Specific Response times, " Under a load of .... Credit Card processing shall take less than z seconds, a% of the time..."
System Capacity items, " Under a load of .... CPU|Network|RAM|DISK shall not exceed n% of capacity.... "
The load profile, which is the mix of the number of users and transactions which will take place under which the specific, objective, measures are collected to determine system performance.
You will notice the the response times and other measures are no absolutes. Taking a page from six sigma manufacturing principals, the cost to move from 1 exception in a million to 1 exception in a billion is extraordinary and the cost to move to zero exceptions is usually a cost not bearable by the average organization. What is considered acceptable response time for a unique application for your organization will likely be entirely different from a highly commoditized offering which is a public internet facing application. For highly competitive solutions response time expectations on the internet are trending towards the 2-3 second range where user abandonment picks up severely. This has dropped over the past decade from 8 seconds, to 4 seconds and now into the 2-3 second range. Some applications, like Facebook, shoot for almost imperceptible response times in the sub one second range for competitive reasons. If you are looking for a hard standard, they just don't exist.
Something that will help your understanding is to read through a couple of industry benchmarks for style, form, function.
TPC-C Database Benchmark Document
SpecWeb2009 Benchmark Design Document
Setting up a solid set of performance tests which represents your needs is a non-trivial matter. You may want to bring in a specialist to handle this phase of your QA efforts.

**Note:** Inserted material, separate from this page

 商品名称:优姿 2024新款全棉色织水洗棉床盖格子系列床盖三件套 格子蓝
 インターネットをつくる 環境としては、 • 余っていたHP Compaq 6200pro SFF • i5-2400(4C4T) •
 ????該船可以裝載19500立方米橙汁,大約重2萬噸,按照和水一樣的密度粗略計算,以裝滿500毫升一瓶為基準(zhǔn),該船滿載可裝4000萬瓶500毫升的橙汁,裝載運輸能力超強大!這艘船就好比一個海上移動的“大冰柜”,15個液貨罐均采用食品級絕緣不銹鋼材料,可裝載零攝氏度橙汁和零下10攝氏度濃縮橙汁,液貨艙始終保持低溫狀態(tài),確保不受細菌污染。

On your tool selection, make sure you get one that can
Exercise your interface
Report against your requirements
You or your team has the skills to use
You can get training on and will attend with management's blessing
Misfire on any of the four elements above and you as well have purchased the most expensive tool on the market and hired the most expensive firm to deploy it.
Good luck!
To test the front-end then YSlow is great for getting statistics for how long your pages take to load from a user perspective. It breaks down into stats for each specfic HTTP request, the time it took, etc. Get it at http://developer.yahoo.com/yslow/
Firebug, of course, also is essential. You can profile your JS explicitly or in real time by hitting the profile button. Making optimisations where necessary and seeing how long all your functions take to run. This changed the way I measure the performance of my JS code. http://getfirebug.com/js.html
Really the big thing I would think is response time, but other indicators I would look at are processor and memory usage vs. the number of concurrent users/processes. I would also check to see that everything is performing as expected under normal and then peak load. You might encounter scenarios where higher load causes application errors due to various requests stepping on each other.

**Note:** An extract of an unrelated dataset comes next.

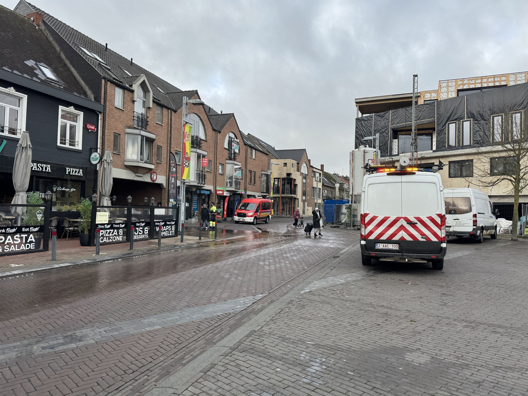 Dorpsstraat in Overpelt, ter hoogte van de Oude Markt, is deze voormiddag een ondergronds waterlek vastgesteld. Het lek zorgde ervoor dat verschillende kelders in de omgeving onder water liepen.

If you really want to get detailed information you'll want to run different types of load/stress tests. You'll probably want to look at a step load test (a gradual increase of users on system over time) and a spike test (a significant number of users all accessing at the same time where almost no one was accessing it before). I would also run tests against the server right after it's been rebooted to see how that affects the system.

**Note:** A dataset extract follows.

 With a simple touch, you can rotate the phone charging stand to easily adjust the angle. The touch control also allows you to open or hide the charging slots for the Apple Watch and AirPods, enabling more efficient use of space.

You'll also probably want to look at a concept called HEAT (Hostile Environment Application Testing). Really this shows what happens when some part of the system goes offline. Does the system degrade successfully? This should be a key standard.
My one really big piece of suggestion is to establish what the system is supposed to do before doing the testing. The main reason is accountability. Get people to admit that the system is supposed to do something and then test to see if it holds true. This is key because because people will immediately see the results and that will be the base benchmark for what is acceptable.